### Saved entries
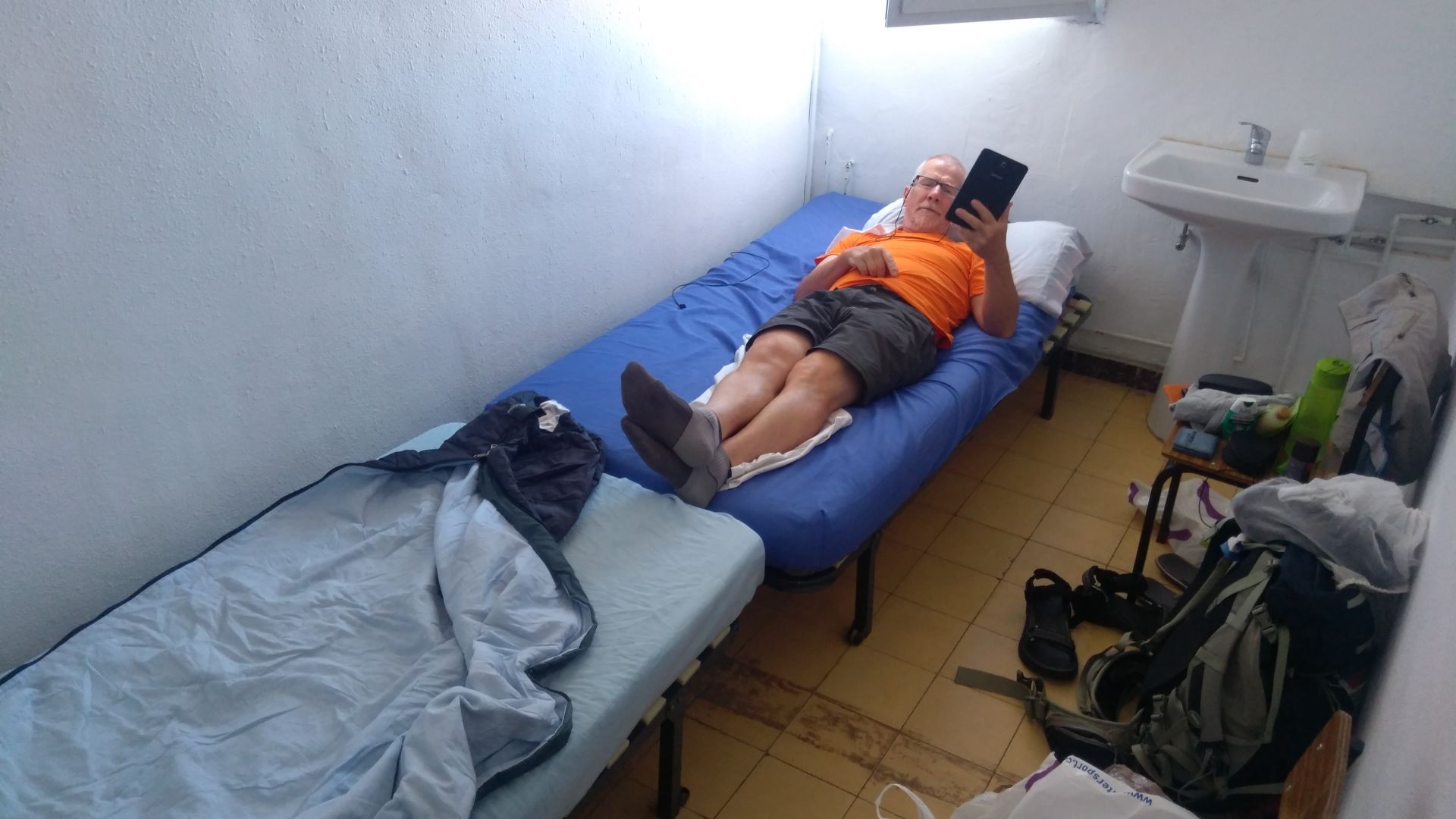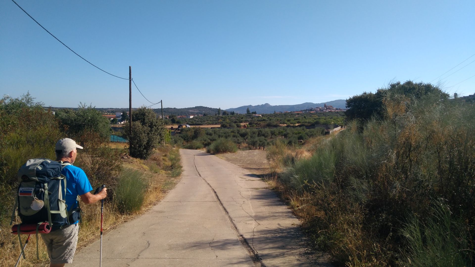 10. dan: a ze 10. dan je, cas pa res hitro tece. Danes naju je po poti ze kar malo zeblo, bo treba iz ruzakov izbrskati debelejse obleke. Ne vem kaksna je bila zares temperatura, ampak v napovedi pise 14 stopinj, kar je ze kar hladno. Jaz ze dva dni spim v spalki, Pavel pravi da si jo bo danes pripravil tudi on. Ko je posijalo sonce in naju malo pogrelo je se vedno prav hladno pihalo. Pokrajina se ob poti pocasi spreminja, zapustila sva ravnino z nasadi trte in oljke. Zdaj so na obzorju hribcki, tudi pot se je danes ves cas postopoma dvigovala. Zemlja je bila ob poti neobdelana, videla pa sva tudi nasade necesa kar ne veva kaj je - morda kdo prepozna na slikah. Nekaj km pred Alcuescarjem so oznake obrnjene proti drazjemu hostlu ob glavni cesti stran od Alcuescarja. Se dobro da je bilo v prejsnjem albergu napisano opozorilo, drugace bi jim verjetno sledila. Do cilja je bilo samo 20km, po vcerajsnjih naporih sva bila oba malo zmatrana in je bila krajsa etapa prav prijetna. Ze pred vasjo sva slisala zvnonove, ki so vabili k masi. Prisla sva ravno ob 11h, ko je bila sv. masa in sva se je lahko takoj udelezila. Ravno prav, saj se je alberg odprl sele ob 12h. Danasnji alberg je spet v samostanu, vendar tokrat malo manj moderno urejen, tudi pravila so bolj stroga (vrata se zjutraj odprejo sele ob 7h). Zvecer imamo skupno vecerjo, zajtrka pa tukaj ne ponujajo - se dobro da sva nasla odprto trgovino in si lahko nekaj kupila. Po obilnem in odlicnem kosilu (zdaj ze kaksno besedo razumem - narocil sem sopa in pollo) sva oba kar dobro zaspala.
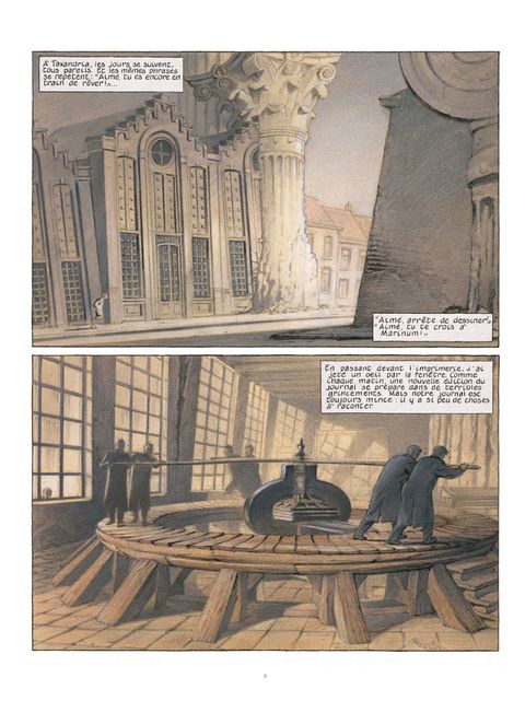 Aimé, un enfant d'une dizaine d'années au crâne rasé, vit à Taxandria, une ville en ruines, emplie de colonnes corinthiennes et de grands palais déserts. Suite à un mystérieux cataclysme, les lois de " L'Éternel Présent " ont été promulguées à Taxandria : toute allusion au passé et au futur y a été interdite, toutes les machines ont été bannies. Aimé découvre un livre d'images qui relate ces terribles évènements. Il est bouleversé par cette lecture et plus rien ne peut désormais l'arrêter. Parviendra-t-il à échapper à l'empire sinistre du monde de l'Éternel Présent ? Le chantier de réédition de la passionnante saga des Cités obscures se poursuit avec cet album épuisé depuis plusieurs années. Ce livre est né de la rencontre des auteurs avec le pionnier belge du cinéma d'animation Raoul Servais, alors qu'il préparait son long-métrage Taxandria, film expérimental baigné dans le surréalisme belge, et inspiré par les oeuvres de Magritte et Delvaux.
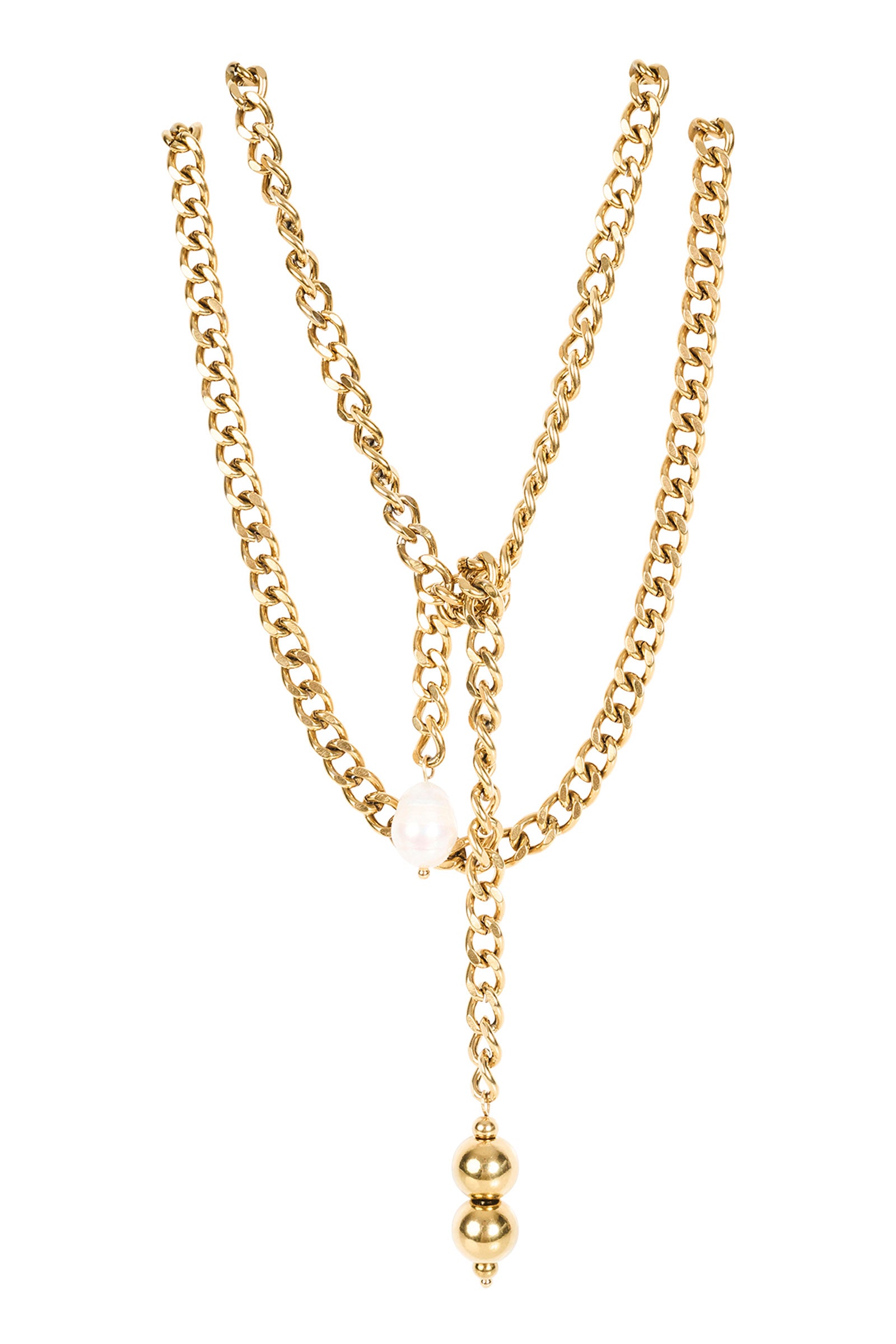 - Chunky chain designed to wrap, drape or tie or triple-layered necklace
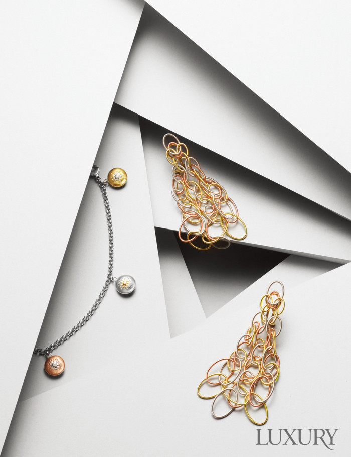 골드 표면에 촘촘하게 인그레이빙한 리가토Rigato 기법이 돋보이는 ‘마크리 클래시카’ 브레이슬릿. 다이아몬드를 세팅한 옐로·화이트·핑크 골드 펜던트 3개의 균형미가 조화롭다. 독창적인 골든 스레드 공예 기법으로 기하학적 링의 흐름을 표현한 ‘하와이’ 컬렉션 이어링. 삼색 골드를 사용해 역동적으로 완성했다.
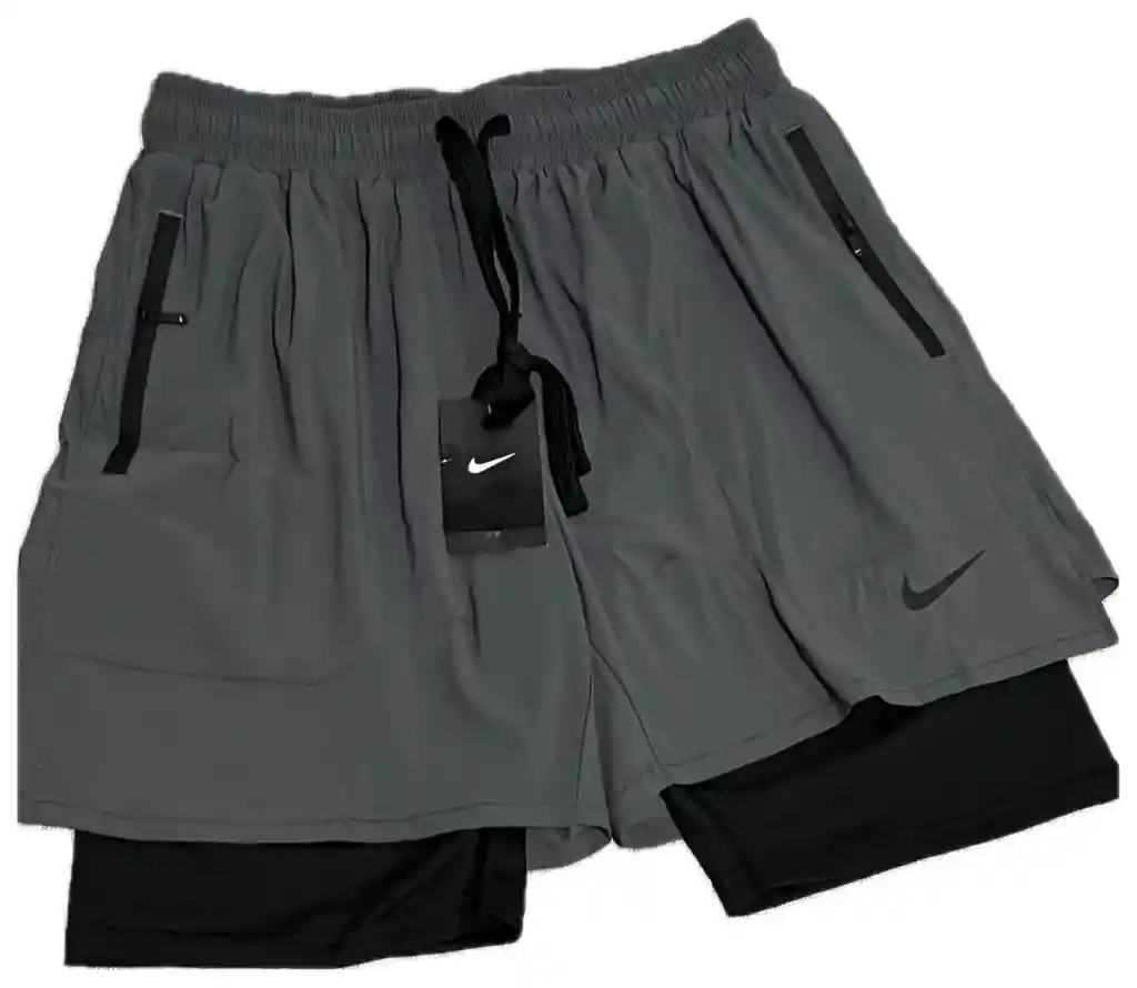 Pantaloneta deportiva hombre, material impermeable con licra interior, cremallera en los bolsillos color gris, talla L

### Required work
Output the records above exactly; leave out the pictures.

### Response
 10. dan: a ze 10. dan je, cas pa res hitro tece. Danes naju je po poti ze kar malo zeblo, bo treba iz ruzakov izbrskati debelejse obleke. Ne vem kaksna je bila zares temperatura, ampak v napovedi pise 14 stopinj, kar je ze kar hladno. Jaz ze dva dni spim v spalki, Pavel pravi da si jo bo danes pripravil tudi on. Ko je posijalo sonce in naju malo pogrelo je se vedno prav hladno pihalo. Pokrajina se ob poti pocasi spreminja, zapustila sva ravnino z nasadi trte in oljke. Zdaj so na obzorju hribcki, tudi pot se je danes ves cas postopoma dvigovala. Zemlja je bila ob poti neobdelana, videla pa sva tudi nasade necesa kar ne veva kaj je - morda kdo prepozna na slikah. Nekaj km pred Alcuescarjem so oznake obrnjene proti drazjemu hostlu ob glavni cesti stran od Alcuescarja. Se dobro da je bilo v prejsnjem albergu napisano opozorilo, drugace bi jim verjetno sledila. Do cilja je bilo samo 20km, po vcerajsnjih naporih sva bila oba malo zmatrana in je bila krajsa etapa prav prijetna. Ze pred vasjo sva slisala zvnonove, ki so vabili k masi. Prisla sva ravno ob 11h, ko je bila sv. masa in sva se je lahko takoj udelezila. Ravno prav, saj se je alberg odprl sele ob 12h. Danasnji alberg je spet v samostanu, vendar tokrat malo manj moderno urejen, tudi pravila so bolj stroga (vrata se zjutraj odprejo sele ob 7h). Zvecer imamo skupno vecerjo, zajtrka pa tukaj ne ponujajo - se dobro da sva nasla odprto trgovino in si lahko nekaj kupila. Po obilnem in odlicnem kosilu (zdaj ze kaksno besedo razumem - narocil sem sopa in pollo) sva oba kar dobro zaspala.
 Aimé, un enfant d'une dizaine d'années au crâne rasé, vit à Taxandria, une ville en ruines, emplie de colonnes corinthiennes et de grands palais déserts. Suite à un mystérieux cataclysme, les lois de " L'Éternel Présent " ont été promulguées à Taxandria : toute allusion au passé et au futur y a été interdite, toutes les machines ont été bannies. Aimé découvre un livre d'images qui relate ces terribles évènements. Il est bouleversé par cette lecture et plus rien ne peut désormais l'arrêter. Parviendra-t-il à échapper à l'empire sinistre du monde de l'Éternel Présent ? Le chantier de réédition de la passionnante saga des Cités obscures se poursuit avec cet album épuisé depuis plusieurs années. Ce livre est né de la rencontre des auteurs avec le pionnier belge du cinéma d'animation Raoul Servais, alors qu'il préparait son long-métrage Taxandria, film expérimental baigné dans le surréalisme belge, et inspiré par les oeuvres de Magritte et Delvaux.
 - Chunky chain designed to wrap, drape or tie or triple-layered necklace
 골드 표면에 촘촘하게 인그레이빙한 리가토Rigato 기법이 돋보이는 ‘마크리 클래시카’ 브레이슬릿. 다이아몬드를 세팅한 옐로·화이트·핑크 골드 펜던트 3개의 균형미가 조화롭다. 독창적인 골든 스레드 공예 기법으로 기하학적 링의 흐름을 표현한 ‘하와이’ 컬렉션 이어링. 삼색 골드를 사용해 역동적으로 완성했다.
 Pantaloneta deportiva hombre, material impermeable con licra interior, cremallera en los bolsillos color gris, talla L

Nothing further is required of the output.